Das Zentrum der Auseinandersetzungen im Weltsystem bleibt der Gegensatz Zentrum-Periphere. Dahinter steht natürlich eine soziale Auseinandersetzung, die jedoch vielfältige Vermittlungsebenen aufweist, die auch untereinander im Konflikt stehen.
- Der enorme Aufstieg Chinas nicht nur als kapitalistischer Macht, sondern sogar auf der Basis der Globalisierung.
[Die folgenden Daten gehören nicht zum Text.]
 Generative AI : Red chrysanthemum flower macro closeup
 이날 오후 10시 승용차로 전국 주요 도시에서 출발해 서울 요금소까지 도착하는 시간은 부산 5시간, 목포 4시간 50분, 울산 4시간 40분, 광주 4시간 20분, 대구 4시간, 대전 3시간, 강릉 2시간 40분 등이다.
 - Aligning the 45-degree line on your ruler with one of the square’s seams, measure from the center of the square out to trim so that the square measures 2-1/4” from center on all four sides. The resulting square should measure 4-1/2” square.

Das schreckt nicht nur das US-Zentrum, sondern beflügelt viele periphere Eliten.
- Der Widerstand einiger anderer Regime gegen die monopolare Weltordnung wie dem Iran oder auch Russland, die vielfach gegen ein Projekt demokratischer und sozialer Emanzipation gerichtet sind, aber in gewisser Weise die nationalen Interessen gegen das globale Zentrum repräsentieren.
- Der Widerstand der unteren Klassen und Schichten gegen den Westen und die lokalen Eliten. Das tritt zuweilen auch in Konflikt mit den genannten staatlichen Widerstandsmomenten.
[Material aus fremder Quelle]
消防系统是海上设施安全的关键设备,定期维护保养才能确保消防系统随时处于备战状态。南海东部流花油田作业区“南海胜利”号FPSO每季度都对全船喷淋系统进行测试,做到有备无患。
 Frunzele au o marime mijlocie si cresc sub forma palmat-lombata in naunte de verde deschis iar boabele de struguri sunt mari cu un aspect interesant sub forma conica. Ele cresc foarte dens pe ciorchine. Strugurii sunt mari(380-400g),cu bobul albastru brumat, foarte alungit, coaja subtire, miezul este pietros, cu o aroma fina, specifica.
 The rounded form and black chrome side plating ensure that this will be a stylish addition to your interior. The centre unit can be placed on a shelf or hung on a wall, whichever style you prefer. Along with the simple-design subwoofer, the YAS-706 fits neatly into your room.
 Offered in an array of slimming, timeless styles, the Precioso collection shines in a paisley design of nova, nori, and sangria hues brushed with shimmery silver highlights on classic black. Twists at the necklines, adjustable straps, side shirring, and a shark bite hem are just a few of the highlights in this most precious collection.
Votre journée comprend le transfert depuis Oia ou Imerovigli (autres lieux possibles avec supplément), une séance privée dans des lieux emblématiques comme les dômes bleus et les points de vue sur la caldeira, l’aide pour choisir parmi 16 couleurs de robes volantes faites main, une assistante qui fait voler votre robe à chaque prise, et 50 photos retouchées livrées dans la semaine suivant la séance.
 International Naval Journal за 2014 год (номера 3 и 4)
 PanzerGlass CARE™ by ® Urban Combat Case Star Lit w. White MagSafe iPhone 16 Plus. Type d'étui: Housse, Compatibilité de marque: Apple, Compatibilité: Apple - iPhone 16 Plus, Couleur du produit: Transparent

Hier einige Prinzipen und Methoden diese Tendenzen in Beziehung zu setzen, zu kombinieren, die Widersprüche zu bearbeiten – was keine Wissenschaft mehr ist, sondern höchste politische Kunst.
- Das nationale Selbstbestimmungsrecht ist ein mächtiges demokratisches Prinzip, das oft gegen die globalen Eliten gewandt werden kann, die es zuweilen aber selbst zu benutzen vermögen.
- Das globale System hat sehr grob gesagt drei Ebenen. Das Zentrum, periphere große Nationen oftmals im Konflikt mit der obersten Ebene und ganz unter kleinere Nationen in Konflikt mit d er zweiten Ebene. Diese können unter gewissen Umständen im Interesse der ersten Ebene spielen, aber nicht notwendigerweise. Das kann auch wechseln, wie man am Beispiel der Kurden sehen kann.
- Die Schwächung und Niederlage der der US-Ordnung ist eine Grundvoraussetzung für emanzipatorische Entwicklungen. Eine multipolare Ordnung gibt zwar mehr Spielräume, heißt aber noch keineswegs automatisch Emanzipation.
- Für uns zentral bleibt der Widerstand und der Kampf der Völker und ihrer unteren Schichten und Klassen um ihre Emanzipation. Aber sowas gibt es nie nackt, sondern nur im Kontext anderer Widersprüche.
- Für Europa gilt: gegen die EU-Globalisierung eine demokratische Kleinstaaterei setzen.